Its enemy’s trails were drying up. The familiar felt interest at that, rather than triumph. It lay for days in a car-wrecking yard, using new tools, building itself a new shape, listening to the men and the clatter of machines, feeling its energy and attention grow, but slowly. That was where it was when the witch found it.

An old lady came before it. In the noon heat the familiar sat loose as a doll. Over the warehouse and office roofs, it could hear church bells. The old lady stepped into its view and it looked up at her.

She was glowing, with more, it seemed, than the light behind her. Her skin was burning. She looked incomplete. She was at the edge of something. The familiar did not recognise her but it remembered her. She caught its eye and nodded forcefully, moved out of sight. The familiar was tired.

“There you are.”

Wearily the familiar raised its head again. The witch stood before it.

“Wondered where you got to. Buggering off like that.”

In the long silence the familiar looked the man up and down. It remembered him, too.

“Need you to get back to things. Job to finish.”

The familiar’s interest wandered. It picked at a stone, looked down at it, sent out veins and made it a nail. It forgot the man was there, until his voice surprised it.

“Could feel you all the time, you know.” The witch laughed without pleasure. “How we found you, isn’t it?” Glanced back at the woman out of the familiar’s sight. “Like following me nose. Me gut.”

Sun baked them all.

“Looking well.”

The familiar watched him. It was inquisitive. It felt things. The witch moved back. There was a purr of summer insects. The woman was at the edge of the clearing of cars.

“Looking well,” the witch said again.

The familiar had made itself the shape of a man. Its flesh centre was several stone of spread-out muscle. Its feet were boulders again, its hands bones on bricks. It would stand eight feet tall. There was too much stuff in it and on it to itemise.
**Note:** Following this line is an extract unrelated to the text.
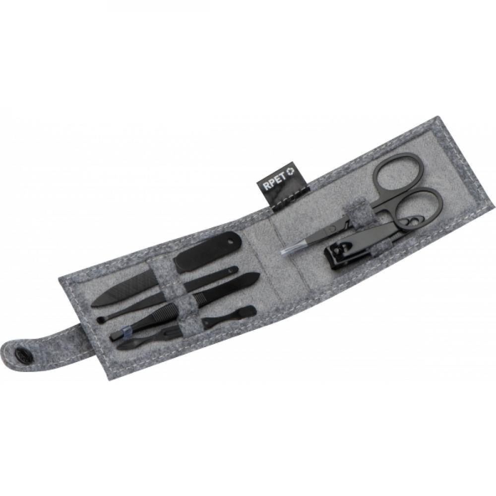 Привлекательный набор для маникюра, изготовленный из фетра (переработанный ПЭТ). Включает ножницы для ногтей, пилочку для ногтей, кусачки для ногтей, пинцет и два пушера для кутикулы.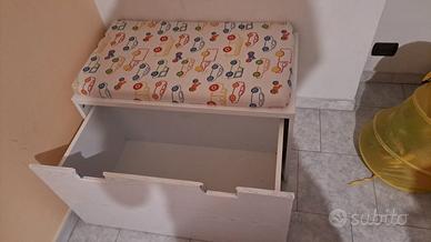 Cassapanca STUVA IKEA. Completa di cassettone. Misure 90 x 51x 49 Colore bianco con rivestimento in carta. Materassino disponibile a 5€

On its head were books, grafted in spine-first, their pages constantly riffling as if in wind. Blood vessels saturated their pages, and engorged to let out heat. The books sweated. The familiar’s dog eyes focused on the witch, then the gently cooking wrecks.

“Oh Jesus.”

The witch was staring at the bottom of the familiar’s face, half pointing.

“Oh Jesus what you
do?

The familiar opened and closed the man-jaw it had taken from its opponent and made its own mouth. It grinned with third-hand teeth.

“What you fucking
do
Jesus
Christ.
Oh shit man. Oh no.”

The familiar cooled itself with its page-hair.

“You got to come back. We need you again.” Pointing vaguely at the woman, who was motionless and still shining. “Ain’t done. She ain’t finished. You got to come back.

“I can’t
do it
on my own. Ain’t got it. She ain’t paying me no more. She’s fucking
ruining me.
” That last he screamed in anger directed backwards, but the woman did not flinch. She reached out her hand to the familiar, waved a clutch of mouldering dead snakes. “Come back,” said the witch.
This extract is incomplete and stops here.